Sorry for the delay in replying -- I thought I had replied to this
already, but I guess I hadn't. :-(
We've talked about this feature several times, but this specific
functionality hasn't made it into the OMPI code base yet. Sorry! :-(
(patches would be gladly accepted, but note that we'll likely be kinda
picky about this code because it's a little hairy and complex...)
On Sep 19, 2008, at 7:00 PM, Jeroen Kleijer wrote:
> Hi,
>
> I'm trying to get an openmpi application running accross different
> nodes but seem to have hit a snag when the processes are on different
> nodes, especially when the machines are on different TCP subnets.
> The orted daemons start up fine but after that application borks with
> the message
>
> [0,1,2][btl_tcp_endpoint.c:572:mca_btl_tcp_endpoint_complete_connect]

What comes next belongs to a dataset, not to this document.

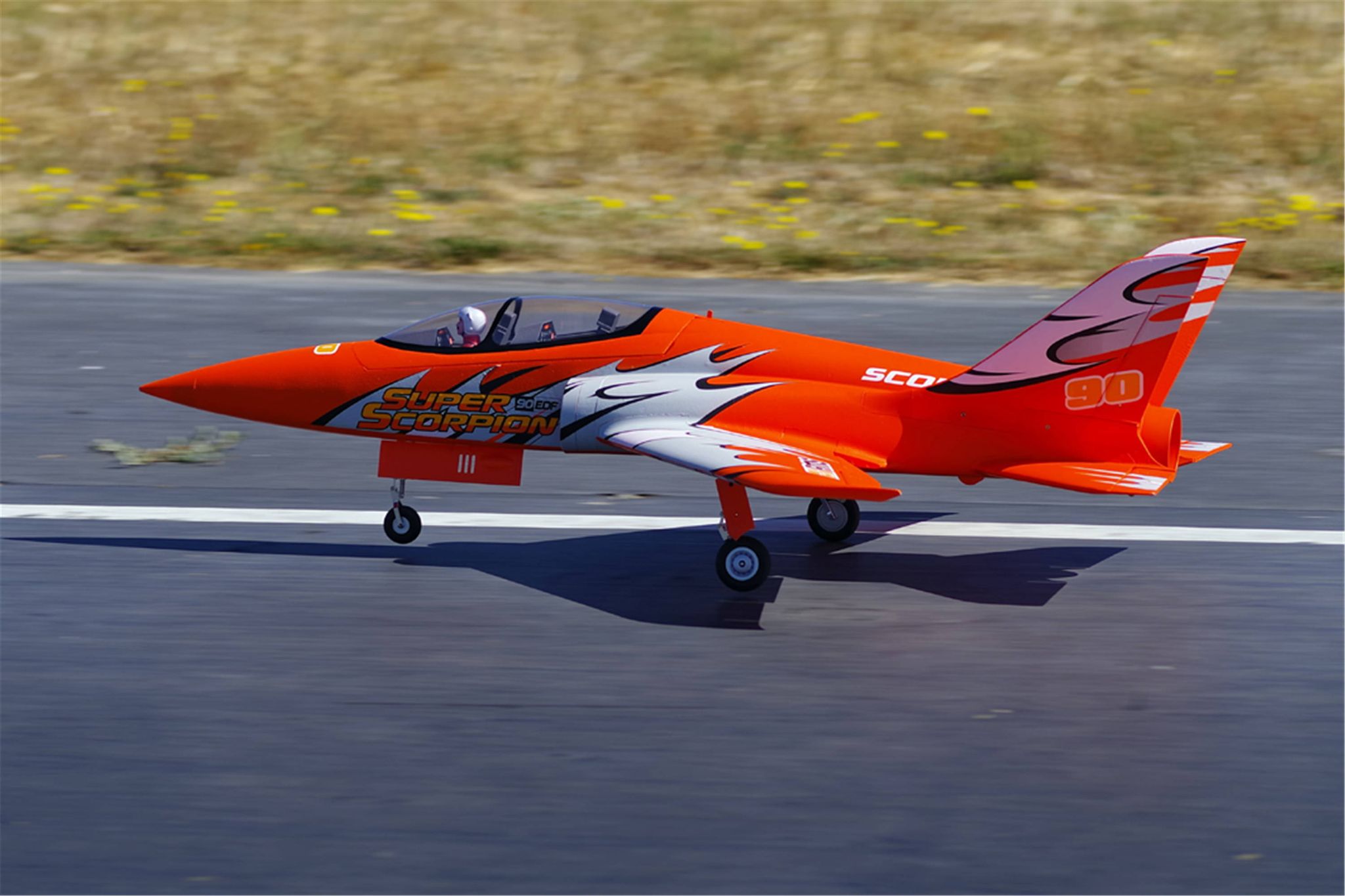 The 90mm Super Scorpion keeps all superior features of the prior 70mm Super Scorpion, while improving the model structure, and adding a flap function. When working with the new power system, it performs excellently whether high-speed flying or standard-speed flying. In addition, it features the CNC-processed shock-absorbed metal landing gear set, a 50mm diameter front wheel and 68mm diameter rear wheels, these are excellent for taking off and landing on both paved and grass surface airfields.

> connect() failed with errno=111
>
> I've read in this thread
> http://thread.gmane.org/gmane.comp.clustering.open-mpi.user/3427/focus=3437
> that openmpi currently can't do this yet but (pre-release?) versions
> of openmpi 1.3 will work.
> I've tried compiling openmpi 1.3a (nightly build) and running my
> program with that (compiled with the mpicc of openmpi 1.3a) but I got
> the same error message.
>
> Can anybody confirm that:
> 1) openmpi has dificulties using the tcp btl accross different subnets
> 2) there are currently no workarounds for this.
>
> If there are solutions to this I'd really like to know about it as
> I've been trying this for quite a while now.
>
> Regards,
>
> Jeroen Kleijer
> _______________________________________________
> users mailing list
> users_at_[hidden]
> http://www.open-mpi.org/mailman/listinfo.cgi/users
--
Jeff Squyres
Cisco Systems
|